The DH argument is now part of that issue. Both side already admit they're for the National League Designated Hitter role to stay in the game. But for MLB, they want something in return from the players. Expanded playoffs. The playoffs would be more money in the owners pockets, the NL DH, a small cost for the teams and the extra TV money--that goes to the teams.

It's at this point I should mention the contract/labor agreement between the two sides ends at the end of the 2021 calendar year. Which means every negotiation impacts said agreement and every negotiation becomes a pissing match.

The loser in ALL of this: the fans.

At the time I write this, it isn't a guarantee fans will be in the MLB stands in 2021, but at some point they'll come back. The problem is more that neither MLB nor the MLBPA cares what's best for them.

On the surface, to most fans, it's a battle of greed. The owners appear to want any and everything to help them recoup lost revenue from 2020. The players--they want a bigger cut of revenues. Something has to give.

Fans don't nor shouldn't care about either issue, at the end of the day there's more than enough money for everyone out there. But only if someone is willing to admit it.

Baseball owners for years have cooked their books and don't reveal revenue, profit or alleged losses. Ok, the Braves do, because they're owned by a publicly traded corporation but they're about it.

The owners always claim they're losing money but are never willing to prove it. Yes, they pay a shit-ton of money for salaries. Really, they do. But between sales, marketing and media revenues and rights, I'm pretty sure they cover that cost.

Here's a hypothetical (in a normal season): Say "team X" draws 20,000 fans a game on tickets averaging $40 (median cost). That's $800,000 a game for 82 games. That's north of $65 million a season in ticket sales.

Now, add in concessions: Say those 20,000 fans drop roughly $20 each on concessions. It's roughly $40,000 a night in concessions or $3.2 million for a season. Add in another couple million of merchandise per season and for the sake of argument $30 million in local media revenue and suddenly we're at $100 million.

Add in another $50 million of national tv revenue and we're talking at minimum $150 million of revenue per season. 19 teams have player payrolls less than that number.

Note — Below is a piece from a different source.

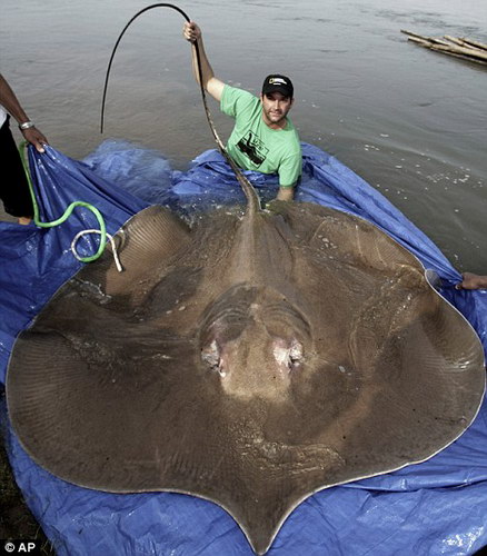 據(jù)英國媒體7月21日報道,現(xiàn)年34歲的美國生物學(xué)家扎布-霍根在柬埔寨Maeklong河中捕獲了一條長達4.27米的巨型黃貂魚,根據(jù)測量這個大家伙竟是已知世界上最大的淡水魚類。
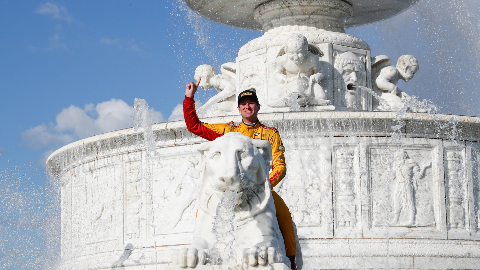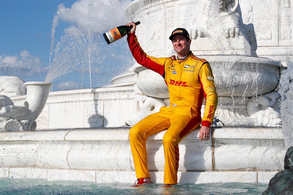 Andretti Autosport’s Ryan Hunter Reay celebrated his dominant victory at Sunday’s IndyCar Chevrolet Detroit Grand Prix by jumping into the James Scott Memorial Fountain in Belle Isle Park. As it turns out, he had made a promise to do so earlier during the week.

The teams above it--it's safe to assume they have a lot more marketing and ticket revenue due to success.

Is it making owners rich, maybe not, but they already are rich and they aren't LOSING money either. Even if they did, it's a write off for them.

Players---don't exactly feel sorry for them either. The average player in MLB makes anywhere from $1.9 million to $7 million depending on the team. That's not horrible.

The problem here, like I said is greed. It's not can we make money, it comes across as can we make more money while keeping the other side from doing it. It's completely disingenuous and at the end of the day hurts the game.

Baseball is a game already with built in disadvantages compared to other sports. It's slower. It's a long time investment. There are not nearly the amount of exciting plays and action the other sports have.

It's also sometimes stuck in a time warp--adhering to the old and ancient ways of doing things. So many writers and a generation of fans see the game the way they did back in the 1950's or 70's which was a very, very long time ago. The world of sports has changed, monumentally so. The idea of doing things the way they've always been done because that's just the way it is doesn't cut it any more.

Until MLB and the MLBPA realize they need to do what's in the fans best interest, the excitement about their game and their plight to the casual fan will ring incredibly hollow. It will continue to come across as a greedy move done by greedy people.

That has to change. And change now because on its current trajectory--we're on the precipice of a labor shutdown. And that would be the worst possible outcome for everyone involved.